It's clear that new White House appointee Vivek Kundra is part of a "new generation of CIOs" that consider cloud computing as a viable architectural option. "I'm a big believer in disruptive technology," he told the Wall Street Journal. To him, following the traditional approach of only investing in tried-and-true systems is a sure way to become outdated...

In this Wall Street Journal blog post it's clear that new White House appointee Vivek Kundra is part of a "new generation of CIOs" that consider cloud computing as a viable architectural option.

"I'm a big believer in disruptive technology," he said. To him, following the traditional approach of only investing in tried-and-true systems is a sure way to become outdated. "If I went to the coffee shop, I would have more computing power than the police department," he said. "Consumers had better technology than the government did."
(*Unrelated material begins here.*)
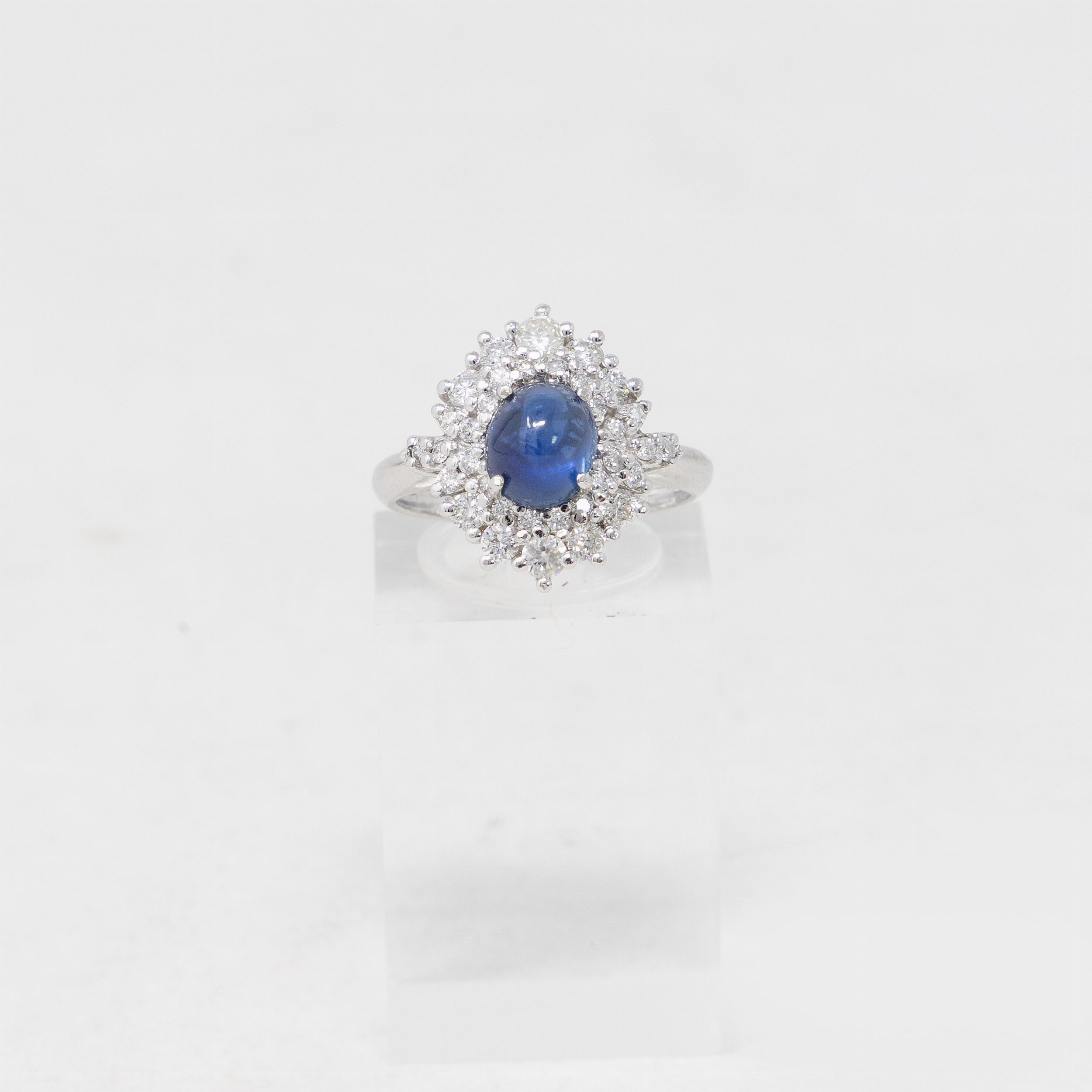 oro 18 kt, zaffiro kt 3,00 ca., diamanti kt 0,95, misura 17, g 6.

As state, local, and the Federal government look to improve the way they do information systems going forward, clearly the cloud option will be on top of their list. While that's clearly the case now, until recently most government organizations considered cloud computing "politically incorrect," mostly around myths such as "you can't secure it," or "it's proprietary," or "it will cost jobs." None of that is really true when you look at the realities.What cloud computing has been missing is advocacy from the top. Thus, by Kundra stating...
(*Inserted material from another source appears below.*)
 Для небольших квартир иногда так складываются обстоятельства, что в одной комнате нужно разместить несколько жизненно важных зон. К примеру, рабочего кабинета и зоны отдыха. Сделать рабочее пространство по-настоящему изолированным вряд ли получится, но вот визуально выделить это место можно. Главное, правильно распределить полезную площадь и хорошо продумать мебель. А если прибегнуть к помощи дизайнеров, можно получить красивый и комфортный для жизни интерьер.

"I'm all about the cloud computing notion... I look at my lifestyle, and I want access to information wherever I am... I am killing projects that don't investigate software as a service first."
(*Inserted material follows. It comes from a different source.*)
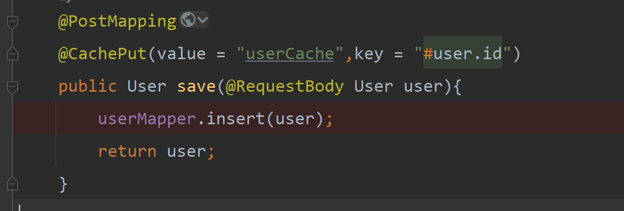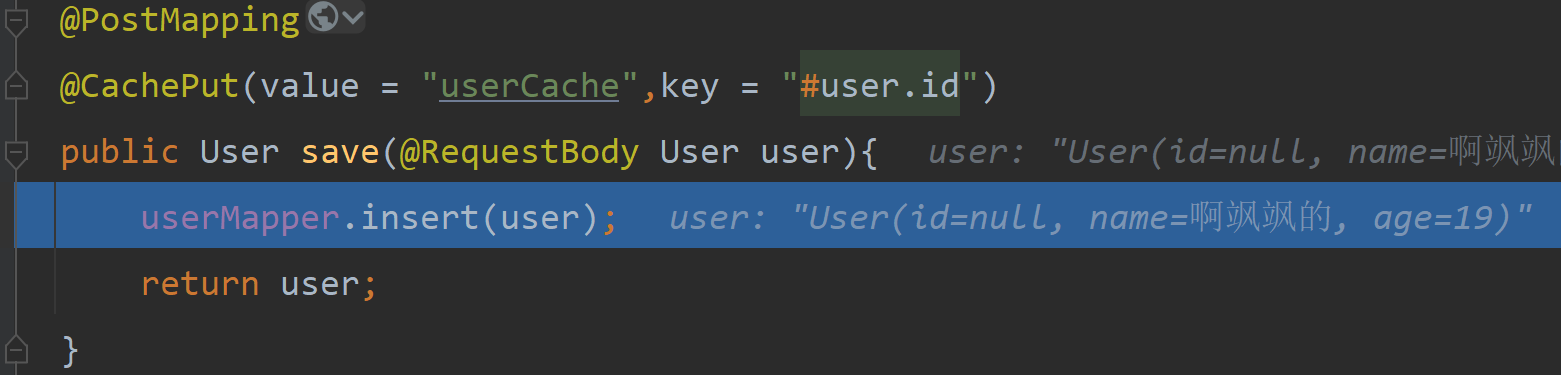 @CachePut(value = "userCache",key = "#user.id"),可以根据user参数进行解析出来。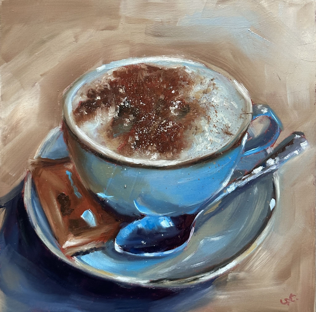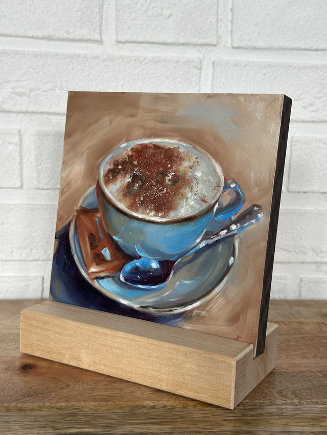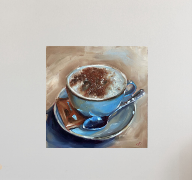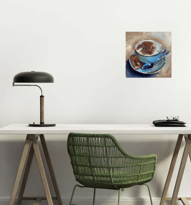 Die sanfte Crema, das leuchtende Blau der Tasse und das Spiel des Lichts fangen einen stillen Augenblick des Genusses ein. Das Werk ist perfekt für alle, die ruhige Momente und feine Details lieben. Es ist zudem ein idealer Blickfang für die Küche, das Esszimmer oder als Geschenk für Kaffeeliebhaber.

...suddenly cloud computing will have some validation from the top. Perhaps it will get the attention it needs as a platform option that has the potential of saving some tax payer dollars, and provide a more effective IT infrastructure as well.

Truth be told, the Federal government is already all over cloud computing although not yet in large-scale deployments. However, the government is kicking the tires enough to tell me that, where these types of deployments make sense, many of the systems built within this new administration are going to be cloud based. Most in Federal IT were waiting for some indication from the top that this is something that's okay to do, and now they are getting that signal.

However, for those in Fed IT that are still a bit skeptical, I have a few suggestions:

  • Don't consider this a "huge shift." It's not, it's just another platform option that may, or may not make sense for your new or existing systems. Focus on what did not change, versus what is changing.
  • Focus on the long term benefit, such as the ability to get at additional capacity, as you need it, without creating long and drawn out procurement processes.
  • Keep in mind that you still need to do good architecture, and practice good security and governance; those requirements don't go away.

Nothing to it, really. Now that there is some support from above, the cloud computing option is more attractive than ever for the Fed.It's clear that new White House appointee Vivek Kundra is part of a "new generation of CIOs" that consider cloud computing as a viable architectural option. "I'm a big believer in disruptive technology," he told the Wall Street Journal. To him, following the traditional approach of only investing in tried-and-true systems is a sure way to become outdated...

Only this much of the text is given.